Skip the images. Copy the records exactly as written.
▽
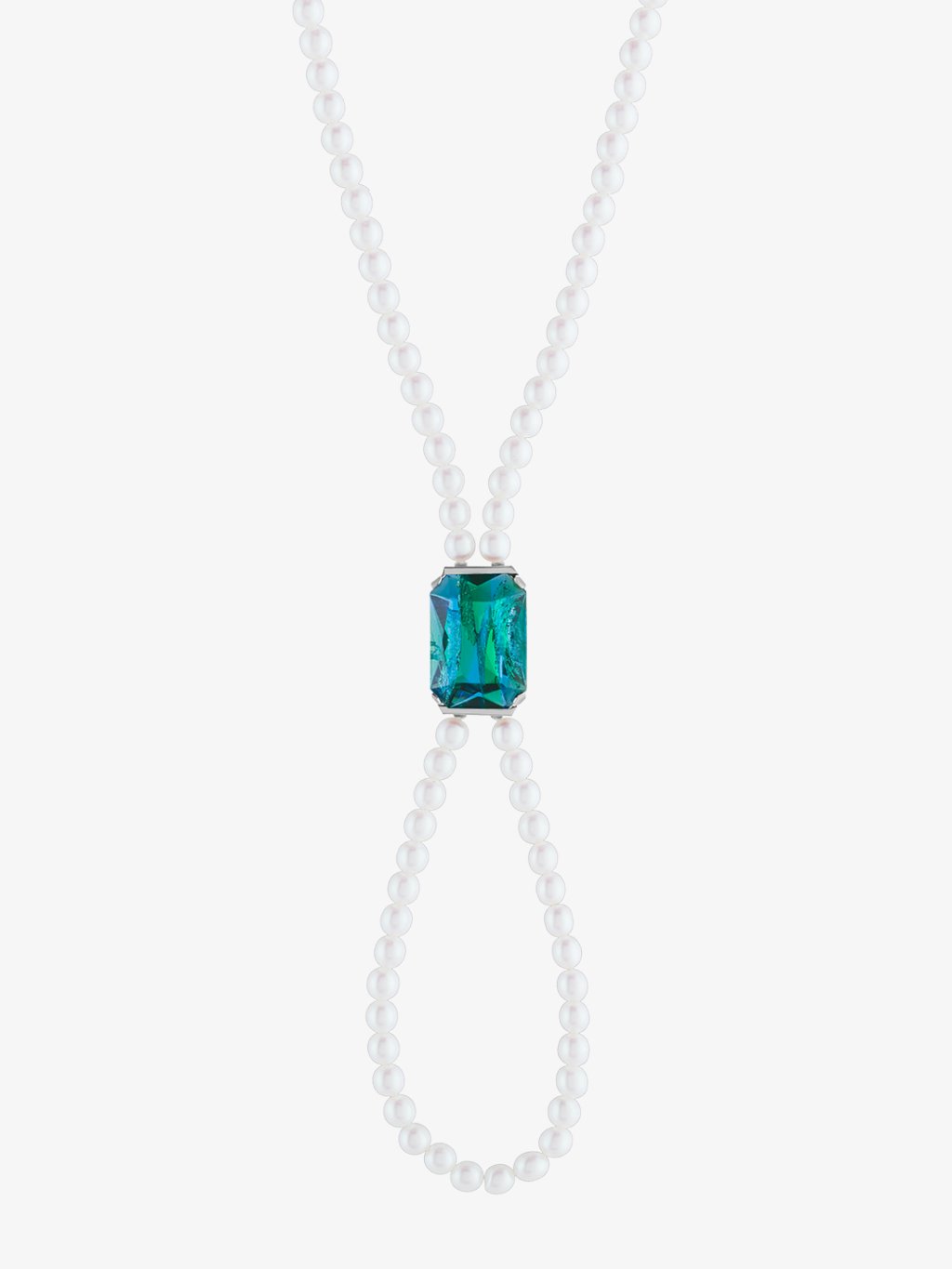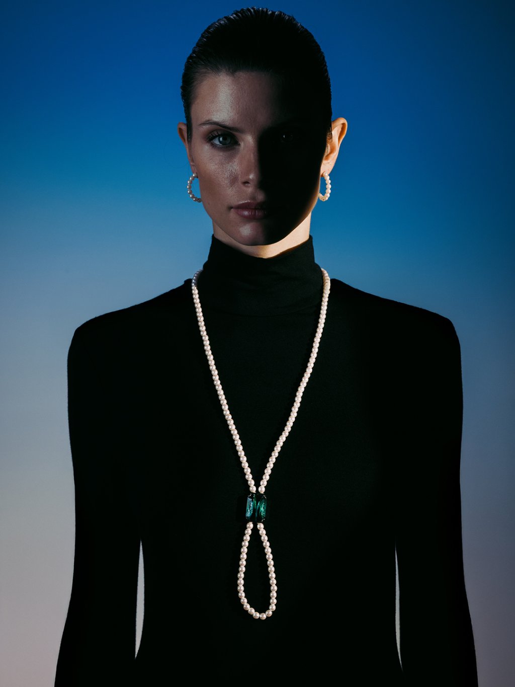 Jméno Phoebe v řecké mytologii znamená „zářící“ či „čistá“ a bylo spojováno s bohyní měsíce. Stejný nádech jemného kouzla a elegance nese i tento perlový náhrdelník. Dlouhá řada voskových perel splétá příběh sofistikované krásy, zatímco uprostřed se vyjímá ručně mačkaný křišťálový kámen Preciosa v emeraldové barvě. Ten vzniká nad plamenem kahanu, a je navíc obohacen o plátek stříbra – proto je každý kámen vždy originál.
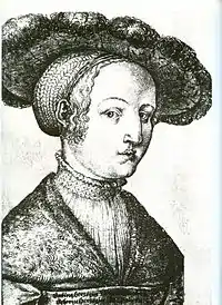 ![]() Retrato de Sabina de Baviera por Barthel Beham. | ||
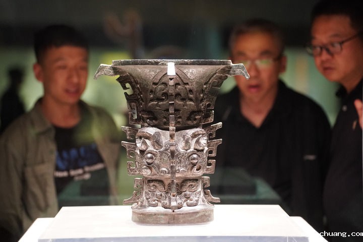 2024年5月9日,游客在陕西宝鸡青铜器博物院内参观西周文物何尊。(新华社记者 邵瑞/摄)
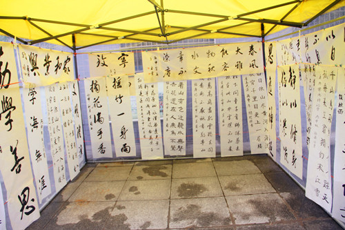 本次书画展,学校师生积极参与,创作出一幅幅生动传神、色彩绚丽、富有感染力的绘画和书法作品,题材丰富多样,充分展示了该校师生的艺术才华。本次书画展经过班级评比、年级推荐、学校遴选几个环节,最后评选出了一、二、三等奖的书法和绘画作品,并在校园内进行展出。现场展出作品形式各异,有国画、硬笔书法、水彩画、手抄报等,前来参观的同学络绎不绝,他们在书画作品前,驻足观赏,细心品味,现场洋溢着欢乐和谐的喜庆气氛,师生们以饱满的激情,挥毫泼墨,舞动丹青,聚集精彩。在点、线、面的节奏中,在七彩流光的韵律中,表达对未来美好生活的向往,讴歌对幸福生活的热爱。一张张绚丽的画图,一幅幅精美的书法,无不呈现青春的律动、诗歌的境界。
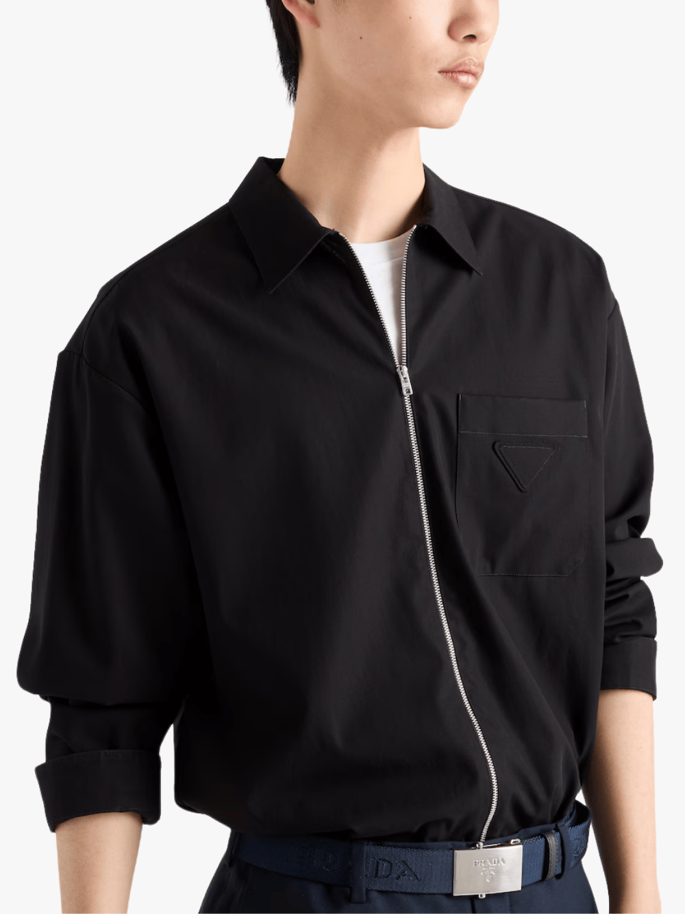 Die Hemd aus Baumwolle mit Reißverschluss in Schwarz von Prada mit folgenden Merkmalen:
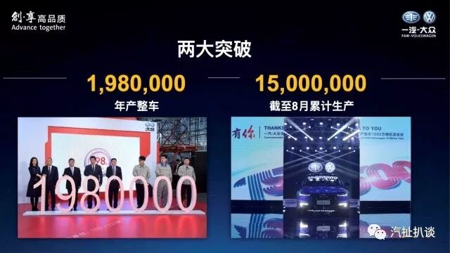 伴随着实现累计生产整车1500万辆、年产整车突破198万辆的双突破,一汽-大众在新能源、智能网联等领域的发展与创新营销、企业社会责任以及对员工工作环境改善等方面所取得的成果同样值得骄傲。
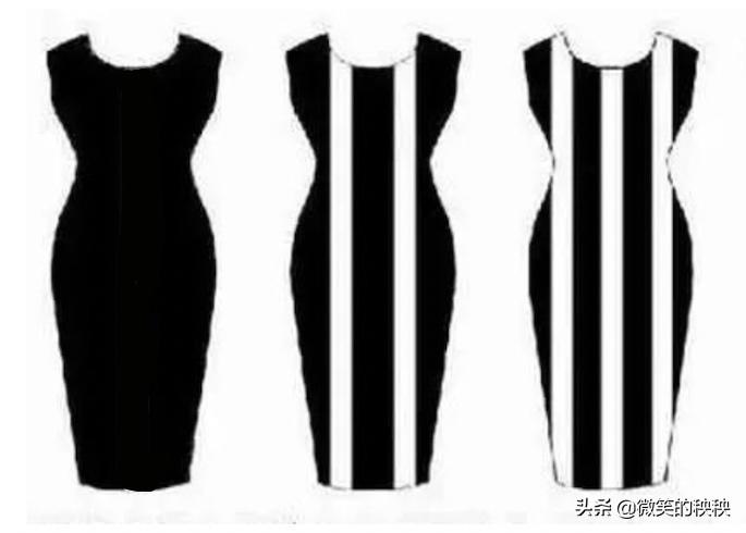 根据这个“视错觉”原理,在选择服装时想让身体的宽度更窄,有时,修身而有修饰果的裙装可能比松松大大的裙子更显瘦。
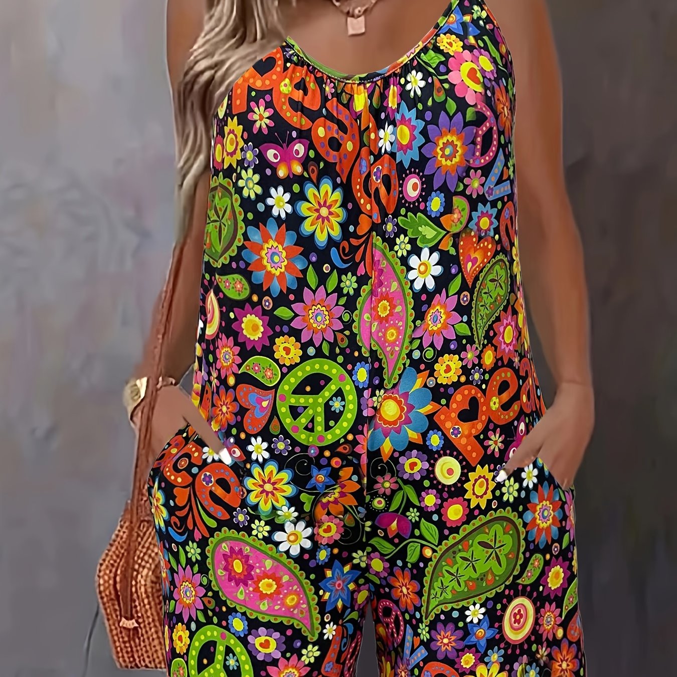 Mono sin mangas de talla grande para mujer con estampado floral y bolsillos
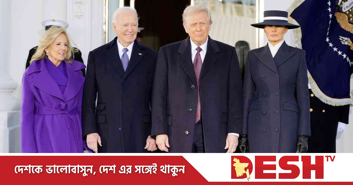শপথ নেওয়ার আগে তাকে হোয়েইট হাউসে স্বাগত জানান বিদায়ী প্রেসিডেন্ট জো বাইডেন।
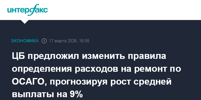 Москва. 17 марта. INTERFAX.RU - Банк России предлагает изменить правила определения расходов на ремонт по ОСАГО с учетом рыночной ситуации, в результате выплаты по ОСАГО возрастут, прогнозирует Центробанк в сообщении, распространенном во вторник.
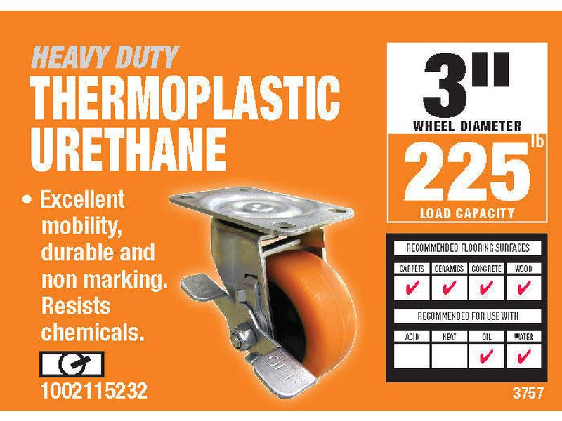 - 3 inch diameter bright orange thermoplastic urethane wheel over black polypropylene hub with ball bearing swivel, plate mount and top brake
△
- ANSWER SPACE:
 Jméno Phoebe v řecké mytologii znamená „zářící“ či „čistá“ a bylo spojováno s bohyní měsíce. Stejný nádech jemného kouzla a elegance nese i tento perlový náhrdelník. Dlouhá řada voskových perel splétá příběh sofistikované krásy, zatímco uprostřed se vyjímá ručně mačkaný křišťálový kámen Preciosa v emeraldové barvě. Ten vzniká nad plamenem kahanu, a je navíc obohacen o plátek stříbra – proto je každý kámen vždy originál.
 ![]() Retrato de Sabina de Baviera por Barthel Beham. | ||
 2024年5月9日,游客在陕西宝鸡青铜器博物院内参观西周文物何尊。(新华社记者 邵瑞/摄)
 本次书画展,学校师生积极参与,创作出一幅幅生动传神、色彩绚丽、富有感染力的绘画和书法作品,题材丰富多样,充分展示了该校师生的艺术才华。本次书画展经过班级评比、年级推荐、学校遴选几个环节,最后评选出了一、二、三等奖的书法和绘画作品,并在校园内进行展出。现场展出作品形式各异,有国画、硬笔书法、水彩画、手抄报等,前来参观的同学络绎不绝,他们在书画作品前,驻足观赏,细心品味,现场洋溢着欢乐和谐的喜庆气氛,师生们以饱满的激情,挥毫泼墨,舞动丹青,聚集精彩。在点、线、面的节奏中,在七彩流光的韵律中,表达对未来美好生活的向往,讴歌对幸福生活的热爱。一张张绚丽的画图,一幅幅精美的书法,无不呈现青春的律动、诗歌的境界。
 Die Hemd aus Baumwolle mit Reißverschluss in Schwarz von Prada mit folgenden Merkmalen:
 伴随着实现累计生产整车1500万辆、年产整车突破198万辆的双突破,一汽-大众在新能源、智能网联等领域的发展与创新营销、企业社会责任以及对员工工作环境改善等方面所取得的成果同样值得骄傲。
 根据这个“视错觉”原理,在选择服装时想让身体的宽度更窄,有时,修身而有修饰果的裙装可能比松松大大的裙子更显瘦。
 Mono sin mangas de talla grande para mujer con estampado floral y bolsillos
শপথ নেওয়ার আগে তাকে হোয়েইট হাউসে স্বাগত জানান বিদায়ী প্রেসিডেন্ট জো বাইডেন।
 Москва. 17 марта. INTERFAX.RU - Банк России предлагает изменить правила определения расходов на ремонт по ОСАГО с учетом рыночной ситуации, в результате выплаты по ОСАГО возрастут, прогнозирует Центробанк в сообщении, распространенном во вторник.
 - 3 inch diameter bright orange thermoplastic urethane wheel over black polypropylene hub with ball bearing swivel, plate mount and top brake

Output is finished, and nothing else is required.